Explore Agent Testing Tools and Considerations
Learning Objectives
After completing this unit, you’ll be able to:
- Explain the importance of testing agents.
- Describe the tools you can use to test your agent.
- Discuss considerations of agent testing and ways to mitigate them.
Before You Start
Before you start this module, consider completing this recommended content. These modules provide a foundation of knowledge that this module will build upon.
-
Trailhead: Agentforce: Agent Planning
-
Trailhead: Agentforce Builder Basics
-
Trailhead: The Einstein Trust Layer
Introduction
Artificial intelligence (AI) and the rise of AI Agents are reshaping how we think about software development. In many organizations, the very same Salesforce administrators and developers who’ve spent years administering or customizing Salesforce solutions are now charged with building Agentforce Agents. This requires a shift in their skills, the tools they use, and their mindset. While the familiar and traditional application lifecycle management (ALM) stages of ideation, configuration, testing, deployment, and observation also apply to the agent development lifecycle (ADL) process, tossing generative AI into the mix can add a few unexpected twists and turns, especially regarding agent testing.
In this module, you learn about tools available to test and troubleshoot your agents, considerations to help you test, and testing strategies you can use to make your agent’s responses more accurate and predictable.
The Reasons to Test
If you’ve earned the Agentforce: Agent Planning badge, you followed along as Nora Alami at Coral Cloud Resorts planned an agent that could create and manage customer reservations. You learned about defining criteria like your audience, scope, use cases, guardrails, and the tasks it will perform. These specifications are the same things your testing should validate to make sure your agent’s performance aligns with the work you designed it to do.
Tools to Test and Troubleshoot Your Agent
Ensuring your agent responds accurately and predictably to user input can seem daunting, especially when you consider all of the user requests your topics, actions, and guardrails need to be able to handle. With so many variables at play, the cause of an inaccurate response, an error message, or a hallucination might be inside an instruction, an action, data, or a permission set. That’s why Agentforce Studio gives you two levels of testing so you can feel confident that your agent is ready to provide reliable and predictable responses: manual testing in Agentforce Builder, and testing-at-scale in Testing Center.

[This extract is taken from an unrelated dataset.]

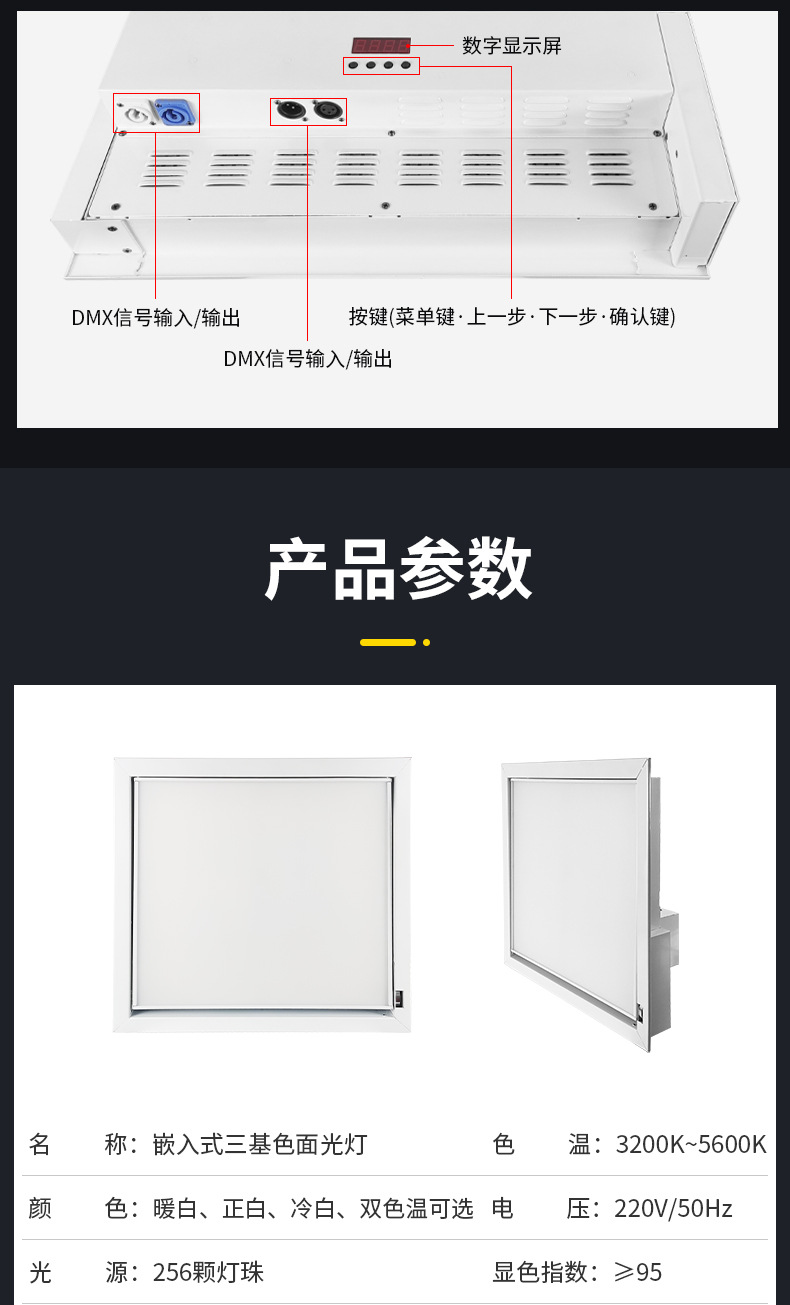 Embedded LED tres colores primarios luz suave sala de conferencias Luz de superficie plana Luz de relleno de cine y televisión iluminación eléctrica tres colores primarios

Agentforce Builder Testing and Troubleshooting Tools
After you build your agent in Agentforce Creator, you can begin to test it in Agentforce Builder. You can try out conversations in the Conversation Preview panel to see how your agent performs. You can review the steps it took to return the response you received by looking through the details on the plan canvas. And, you can review the agent’s event logs to see specific session and conversation details.
Conversation Preview (1):It’s exciting when you get to the step in Agentforce Builder where you’re able to begin conversing with your agent in the Conversation Preview panel. Here, you can simulate conversations your users might have with your agent so you can see if it responds the way you intended. The responses it generates lets you see if your agent provides helpful and relevant responses, calls the right actions, references your business processes correctly, and stays within the guardrails you set.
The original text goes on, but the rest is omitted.